Primary Job Function:

Conduct quality-related activities to deliver consistent; high quality documents; services; products and processes.

Core Job Responsibilities:

Responsible for implementing and maintaining the effectiveness of the quality system.

General - Develops local strategy which is aligned with the business strategy and implements related tactical activities. Translates strategic needs of the division into executable long-range programs and projects. Provide solutions to a wide range of difficult problems.

Solutions are compliant; innovative; thorough; practical and consistent with organizational objectives. Leads projects with cross-functional broader scope. Represents team on cross-functional projects with other functional leaders. Directly influences project direction and scope.

Interacts effectively with employees; manager; and cross-functional peers. Excels in effective and positive communications. Contributes functional skills and expertise broadly. Scope includes one or more QA functions with general knowledge of other related disciplines.

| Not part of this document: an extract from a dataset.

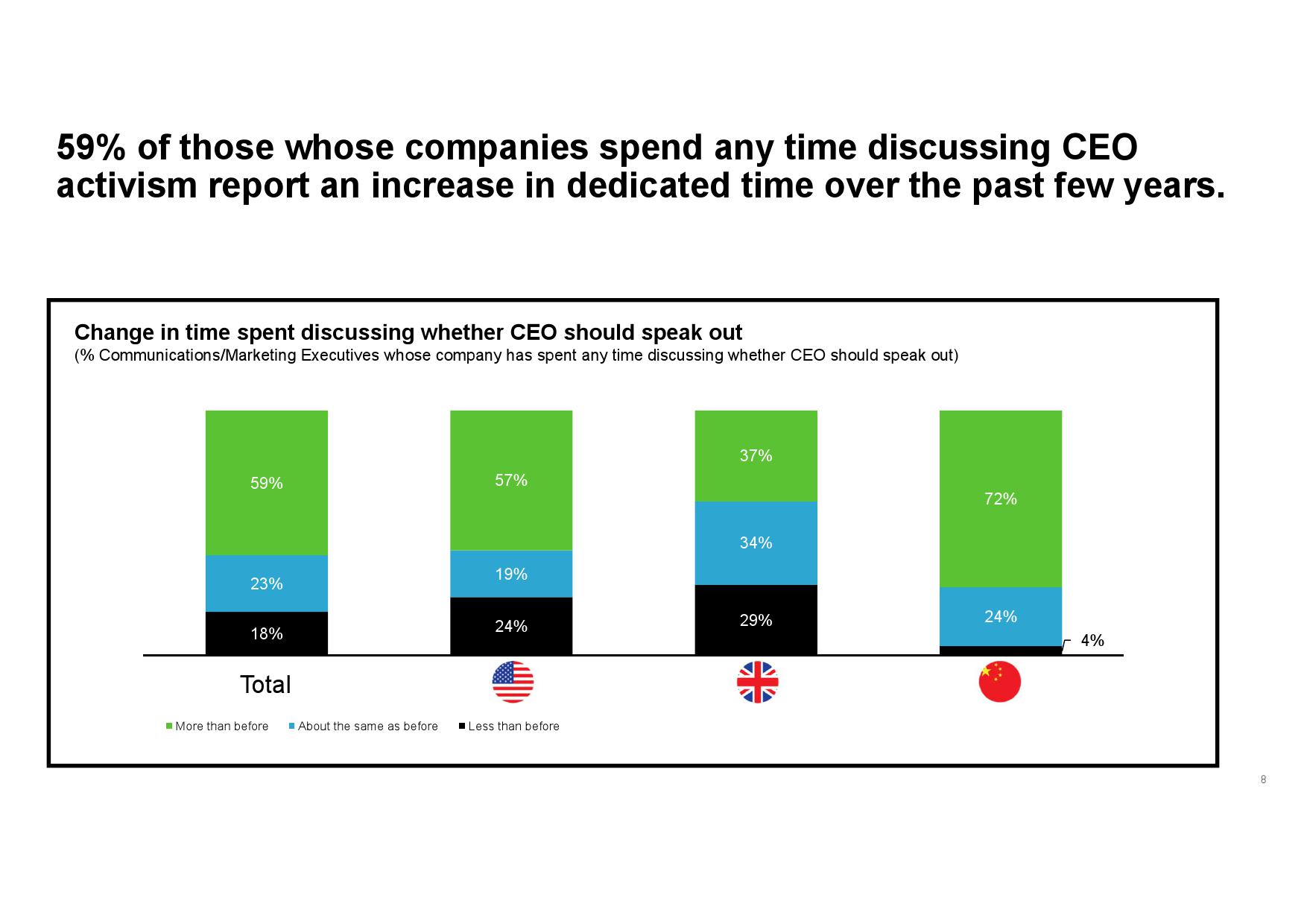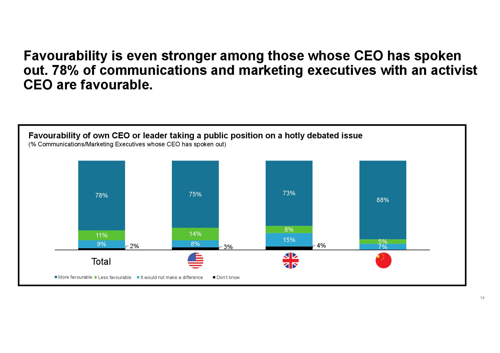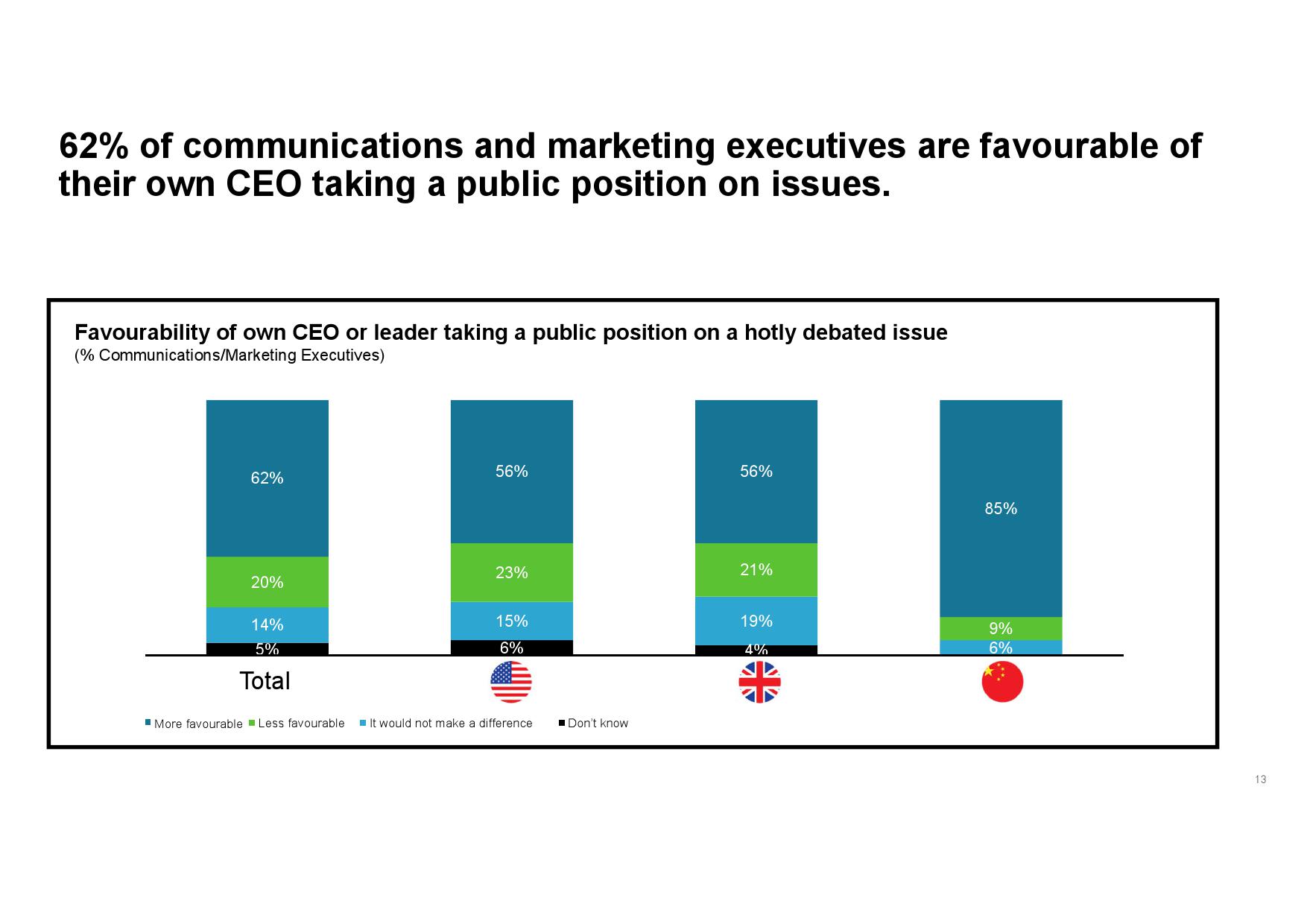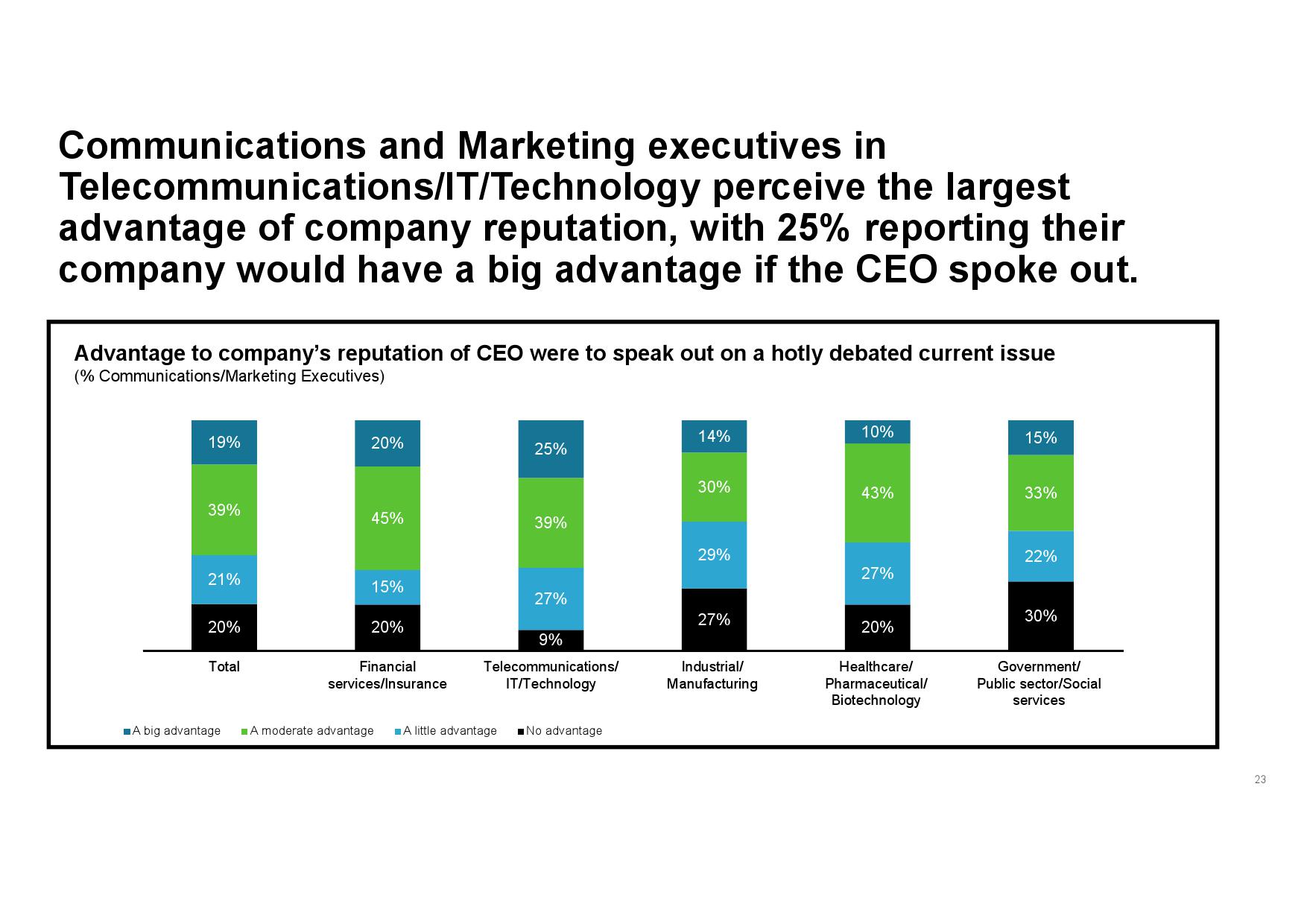 - 认识企业声誉优势。虽然传播和营销高管承认CEO行动力存在一定风险,但其为公司所产生的声誉优势更突出。此外,在CEO已经公开发声的企业中,传播和营销高管所承受的感知风险更低,同时公司也会从中受益,尤其在其与公司价值观和原则一致的情况下。

Provides guidance and trains other Professionals and Technicians. May provide oversight to one or more QA professionals and/or contractors.

2. Quality System Compliance - Demonstrates complete understanding of the standards and regulatory bodies that regulate our industry. Ensures compliance to Division and Corporate policies and procedures. Implements and maintains effectiveness of ADD's Quality System; including the Subsystems and Key processes that govern the area by identifying compliance risks.

3. Risk Management - Defines the business results expected from risk management strategies and projects.

Leads ADD (Abbott Diagnostics Division) in determining the changes; improvements; and investments needed to support the Risk Management process in the Quality System and business driven objectives. Makes independent decisions within broad parameters while assuring that these decisions are compliant with site level policies and procedures and are aligned with the appropriate quality system.

Reviews and approves Risk management documentation.

4. Complaint Evaluation - Investigates complex complaints and carries out tasks with management guidance. Provides overall direction. Ensures compliant documentation in cross-functional areas of support.

5. Design Control / Documentation & Change Control - Demonstrates a strong working knowledge of the potential global impact of changes including safety and efficacy. Acts as Process Owner and represents the site as an SME or Process Community Member. Negotiates complex changes. Identifies key processes that may be impacted as a result of the change. Effectively reviews and discusses changes with key stakeholders.

6. Quality Engineering - Draws conclusions reflecting broad business and quality needs. Champions new initiatives and acts as the catalyst for change within and potentially across divisions. Negotiates complex quality decisions. Participates as SME in audits. Acts as a consultant at site and Division or in partnership with supplier for developing quality related strategies for major projects.

7. Validation - Acts as site SME in audits for all aspects of validation (minimum 2 subsections). Acts as a consultant at site and Division or in partnership with supplier for developing validation strategies for major projects.

Travel: usually less than 5%, but on occasion, up to 10%.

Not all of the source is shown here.